Tangible Embodied Interactions and AI – reflections from TEI 2025

Tangible and embodied interactions – can they offer something for the way users understand and engage large language models (LLMs)? This is the question that we explored in studio (a.k.a. hands-on workshop) titled “Tangible LLMs: Tangible Sense-Making for Trustworthy Large Language Models” that PIT, namely Goda Klumbytė and Claude Draude, co-organised with Maxime Daniel and Nadine Couture (ESTIA Institute of Technology) and Leonardo Angelini, Elena Mugellini and Beat Wolf (University of Applied Sciences and Arts Western Switzerland). The studio took place during the ACM conference on Tangible Embodied Interactions (TEI) in Bordeaux, France, on 4-7 March 2025.

The goal of the studio was to explore how tangible and embodied interaction modalities can help better grasp and make sense of transformer-based AI models function (read the full studio paper for more detailed description). We started the workshop with some basic input on what LLMs are and how they work (expertly delivered by Elena and Beat), including specific core concepts such as input/output embedding, positional encoding and latent space, attention and temperature. Using card sets for LLM core concepts and functions, and another card set for tangible and embodied interaction modalities, we then brainstormed in groups what kind of modalities can help better explain specific concepts or functions of LLMs. In the end the groups also built some paper prototypes based on these ideas, with different prototypes addressing different issues or dimensions of understandability and/or meaningful and trustworthy interaction.

For example, the “LLM poetry pinball machine” prototype sought to address the specific issue of LLMs often being treated as replacement search engines, instead of language generators. This can lead to issues such as over-reliance and unwarranted trust in the truthfulness of LLM-generated statements. To highlight LLM’s probabilistic nature and showcase it not as a “truth machine” but rather as a “probability machine”, the LLM Pinball prototype showed how the prediction of next word, represented by the ball, is influenced by the set temperature, represented by the number and placement of the wooden pins. The fewer pins – the lower the temperature, the more likely it is for the middle ball is to reach the bottom first, which represents more conservative word choice. The more pins – the higher the temperature, and the more randomized the word selection. To demonstrate this, the group used a template of poetry generation created by artist Alison Knowles, in association with James Tenney at CalArts in 1967, which was written for the early programming language Fortran. Knowles suggested that computer could generate poetry using a specific formula:

a house of (list material)

in (list location)

using (list light source)

inhabited by (list inhabitants)

which the group used as an example in this LLM poetry pinball machine.
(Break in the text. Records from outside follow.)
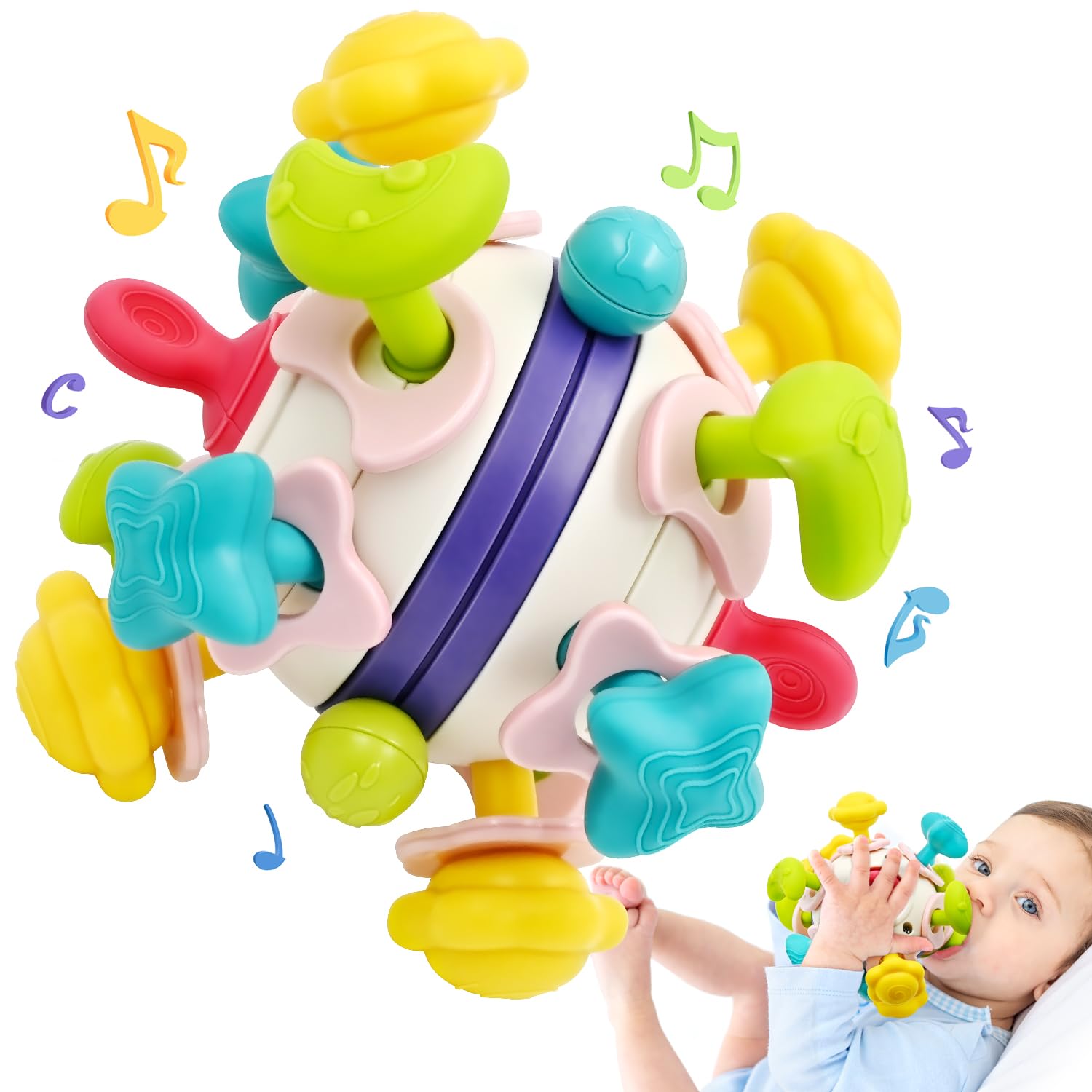 Easily clean and sterilizeOur bite ring gripping ball is made of durable BPA-free plastic and high-quality, heat-resistant silicone in food quality, it can be sterilized with UV light or boiling water.We also recommend that we first wash the surface with hot water, then put the toy in the steam cleaner in order to clean it thoroughly so that the steam penetrates deep into the cracks, and then drying or hanging for drying.Perfect gift for young girlsOur toy is specially designed for baby 0-18 months.Greifball is light and easy, it is an ideal toy for different occasions, such as travel by plane train car.If you are looking for birthdays, baby shower, Christmas, Thanksgiving, New Year, Children's Day or other holiday gifts, our toys is the perfect choice.Our space will certainly captivate the babies!.Sensoric tooth aid for babies 3-12 monthsOur toy is rattle, bite ring and gripping ball in one.Living colors and numerous shapes stimulate babies to grab and chew.During teething, toys can satisfy the baby's oral desire, relieves the symptoms caused by gum pain.Greifball has different textures and patterns can offer wonderful tactile experiences for babies 6-12 months, it is a fun sensory toy.Funny rattles babybite ring with 12 ABS rings and built-in bell that makes gentle rattling noises to awaken your baby's attention.The middle of 3 ABS balls with different textures, they can be pushed and pulled, and rotation around the ball, create ""there"" sounded.Bubble bubbles can be pushed and pulled, fun ""pop pop"" sounded.Both sides of toys can be turned and give a satisfactory click noise, hearing babies stimulated.Premium Montessori Beißring BabyGreifball is a high -quality toy for baby 4 6 12 months.It consists of 12 bite ring ball and ABS rings, 2 silicone bubbles.Development of the baby's fine motor skills and hand-eye coordination by pushing and pulling silicone bubbles, spinning rings.Rich colors and textures promote sensory development of the baby.Bicycle makes the teeth make teeth easier from 6-12 months.It is certified according to ASTM and CPSIA, a safe toy that is familiar with the mom.Leicht Reinigen und SterilisierenUnser beißring greifball ist aus haltbarem BPA-freiem Kunststoff und hochwertigem, hitzebeständigem Silikon in Lebensmittelqualität hergestellt, Es kann mit UV-Licht oder kochendem Wasser sterilisiert werden. Wir empfehlen auch, die Oberfläche zunächst mit heißem Wasser zu waschen, Dann das Spielzeug in den Dampfreiniger geben, um es gründlich zu reinigen, damit der Dampf tief in die Ritzen eindringt, und anschließend trocknen oder zum Trocknen aufhängen. Perfektes Geschenk für Jungen MädchenUnser Spielzeug ist speziell für Baby 0-18 Monaten konzipiert. Greifball ist leicht und einfach, Er ist ein ideales Spielzeug für verschiedene Gelegenheiten, wie Reisen mit dem Flugzeug Zug Auto. Wenn Sie auf der Suche nach Geburtstags, Baby Shower, Weihnachts, Thanksgiving, Neujahrs, Kindertags oder anderen Feiertagsgeschenken sind, ist unser spielzeug die perfekte Wahl. Unser weltraum greifball die Babys mit Sicherheit in ihren Bann ziehen wird!. Sensorik Zahnungshilfe für Babys 3-12 MonatenUnser Spielzeug ist Rassel, Beißring und greifball in einem. Lebendige Farben und zahlreiche Formen regen Babys zum Greifen und Kauen. Während des Zahnens, kann Spielzeug das orale Verlangen des Babys befriedigen, lindert die durch Zahnfleischschmerzen verursachten Beschwerden. Greifball verfügt über verschiedene Texturen und Muster können wunderbare taktile Erfahrungen für Babys 6-12 Monate bieten, ist es ein Spaß sensorischen spielzeug. Lustige Rassel BabyBeißring mit 12 ABS-Ringen und eingebauter Glocke, die sanfte Rasselgeräusche macht, um die Aufmerksamkeit Ihres Babys zu wecken. Die Mitte von 3 ABS-Kugeln mit verschiedenen Texturen, Sie können geschoben und gezogen werden, und drehung um den Ball, erstellen ""Da Da"" Klang. Beißring Blasen können geschoben und gezogen werden, machen Spaß ""Pop Pop"" Klang. Beide Seiten Spielzeug können gedreht werden und geben ein befriedigendes Klickgeräusch ab, Gehör Babys stimuliert. Prämie Montessori Beißring BabyGreifball ist ein hochwertiges spielzeug für baby 4 6 12 Monate. Es besteht aus 12 beißring kugel und ABS-Ringen, 2 Silikonblasen. Entwicklung der Feinmotorik des Babys und Hand-Augen-Koordination durch Schieben und Ziehen von Silikonblasen, Spinnringen. Satte farben und texturen fördern sensorische entwicklung des baby. Beißringe erleichtern Baby ab 6-12 Monaten das Zahnen. Es ist nach ASTM und CPSIA zertifiziert, ein sicheres Spielzeug, dem Mama vertraut.Baby-Sensorik Zahnen Relief Spielzeug, Montessori pädagogisches Lernspielzeug für 1 Jahr altes Mädchen Geschenk, Säugling Rasseln Kauen Zahnen Ball für Babys 0 6 12 18 Monate
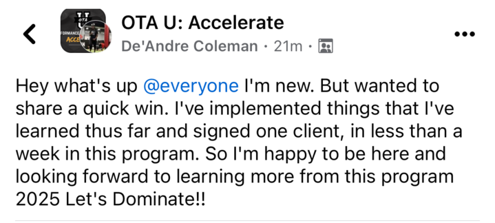 As part of the program, you'll have the opportunity to join up to three group calls each week, where you'll connect with other coaches in the program and our OTA team. These sessions are designed to provide you with dedicated time to ask any questions you may have about the course material, as well as to discuss strategies for implementing what you’re learning into your own business. This interactive support will ensure you have the guidance you need to successfully apply the concepts and ensure progress.
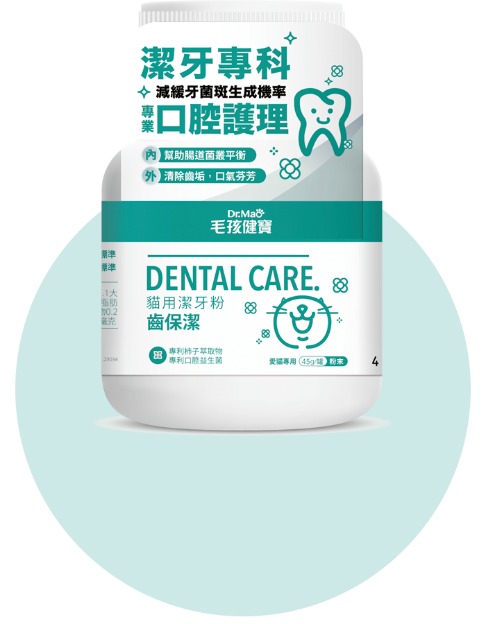 牙結石的累積會造成貓咪牙周病,引起口臭、口腔發炎,甚至是全身性的感染。專利益生菌配方搭配柿子萃取物,強效預防口臭,包持牙齒健康、口氣清新!
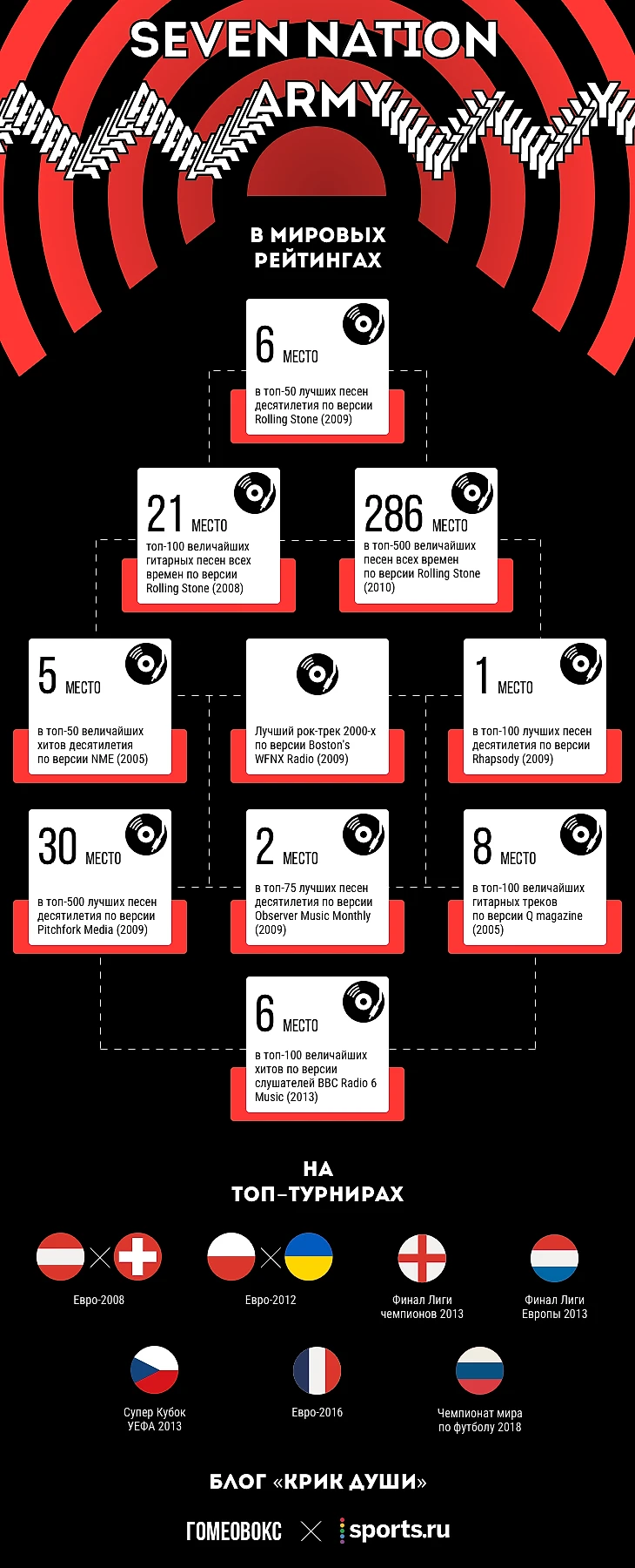 После такого ни у кого не было шанса: оставалось только признать величие этой песни и использовать ее абсолютно везде. Именно так Seven Nation Army появилась на Евро-2008, ЧМ-2010, Евро-2012, матчах НБА, НФЛ, МЛБ и далее по списку.
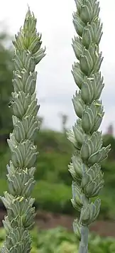 Les blés sauvages : amidonnier (Triticum turgidum), l'épeautre (Triticum spelta), les engrains (Triticum monococcum), le fonio blanc (Digitaria exilis) et le fonio noir (Digitaria iburua), l'orge (Hordeum), les riz (Oryza), le millet commun (Panicum miliaceum) sont des céréales vêtues cultivées. Le pain est caractéristique des traditions culturelles néolithiques du Proche-Orient, rare région du monde où la domestication des céréales a eu lieu sans récipients de cuisson en poterie (contrairement au développement précoce de la céramique au Sahara ou en Asie Orientale) incite y chercher l'origine de farines panifiables [20]. Le blé panifiable (Triticum aestivum), céréale à grain nu, est apparu au IXe millénaire av. J.-C. dans cette région. Sans cesse amélioré par l'homme depuis lors il n'est pas une espèce sauvage mais une hybridation entre l'amidonnier cultivé et Aegilops tauschii [21],[22]. L'histoire des blés est une suite de mutations successives : au rachis cassant des blés sauvages (Triticum boeoticum et Triticum dicoccoides) succède le rachis non cassant des blés décortiqués domestiqués, leur caractère de battage libre donne naissance à des blés (Triticum durum et Triticum spelta) avec des grains nus à haut rendement battus librement qui à leur tour voient une sélection de nombreux cultivars[23].
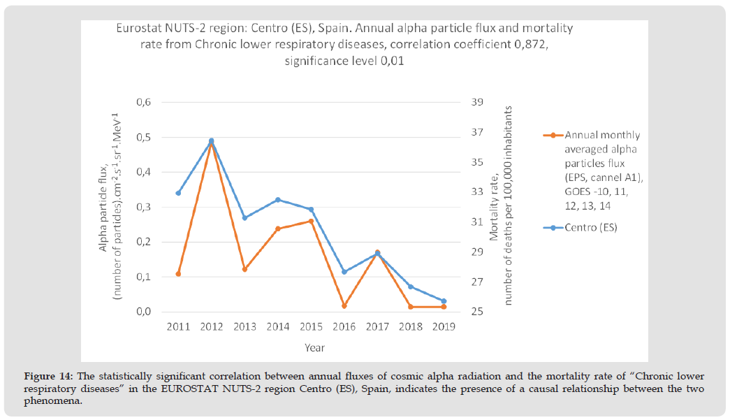 If a stream of high-energy solar alpha particles were to hit the Earth at this time, there would be no deflecting magnetic force on them, making it easier to reach the Earth’s surface. The multifaceted harmful effects of invading alpha particles on the human body can explain the so-called disease clusters, groups of diseases with an unclear relationship between them, which are often diagnosed in some patients. Visca, et al. [11] draw attention to the fact that patients with respiratory diseases often have diabetes mellitus, and the relationship between these diseases is unclear. The relationship between diabetes mellitus and solar alpha particle fluxes is discussed in Takuchev, et al. [2,12]. Carter, et al. [13] found a link between respiratory and cardiovascular diseases, but found that the relationship between them remains unclear (the relationship of cardiovascular diseases to solar alpha particle fluxes is discussed in Takuchev, et al. [1,9,10,14-35].
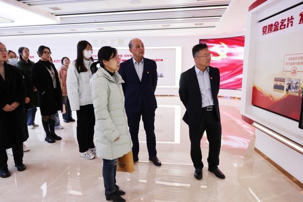 师生走进江苏银行无锡分行党建文化展示馆,展示馆围绕“初心之路、党建之光、金融之美、清廉之风”四个主题,对党的光辉历程、分行党建文化、AVxxx、廉政建设等内容进行了系统宣传,集中展现了分行党委在总行党委领导下高质量发展的成果,通过让大家接受身临其境的特色教育,实现“引导人、影响人、塑造人”的教育效果。

Others highlight yet again different dimensions of LLMs and their tangibility. For instance, one prototype focussed on giving user more agency in the interaction with LLMs via a kind of hand controller, which would pulse or squeeze the user’s hand when LLM is uncertain about which word to pick next. The user’s response of squeezing tighter or loosening the grip on the bracelet-like controller would then nudge the LLM into either more conservative or more random word selection. Yet another prototype from the same group focussed on spatialising the latent space and exploring embeddings in a collaborative manner, by allowing the users to pick words in VR with a kind of stick, and collaboratively explore their links.

The last prototype called “LLM body” focused on giving a body to an LLM and exploring how this body might invoke different emotions or affective qualities and therefore impact the setting of interaction. The idea was to map materials to a certain kind of affective vocabulary, and in that way, by creating this kind of LLM body, change the character of LLM and how it interacts with the user. For instance, one of the prompts to change LLM character with a specific body was phrased in the following way: “Create an image of a whimsical, abstract creature composed of: a colorful, patterned water bottle as the core for vibrance; a piece of rock for resilience; a green clay smiley face for humor; blue felt balls for a touch of empathy; red thread signifying balanced seriousness; broken sticks symbolizing unpredictability; and a coin representing wisdom through age. The setting is a playful, imaginative world that reflects a blend of structure and spontaneity.”

Overall, this was the first attempt to explore tangible and embodied interactions with LLMs towards their understandability, and as such it was quite successful. We developed some prototypes, exchanged some ideas and, what is also important, learned more about LLMs. This perhaps is the main takeaway, at least for our PIT team: that understanding is not only something that one acquires by reading or observing explanations – explanation and (perhaps even more profound) understanding emerges also in building physical representations of LLMs and their operations, or even just their specific parts.  Much like what Goda Klumbytė, Daniela K. Rosner and Mika Satomi realised during the Felt AI project, understanding and knowing can and often does emerge in interaction and engagement.

We hope we will have the chance to do some further collaborative work with our colleagues form France and Switzerland, particularly towards exploring specific dimensions of LLM and how they can be tangibly interacted with or expressed, and the moments where tangibility and embodiment calls to attention ethical concerns in LLM design and use. Thus: to be continued!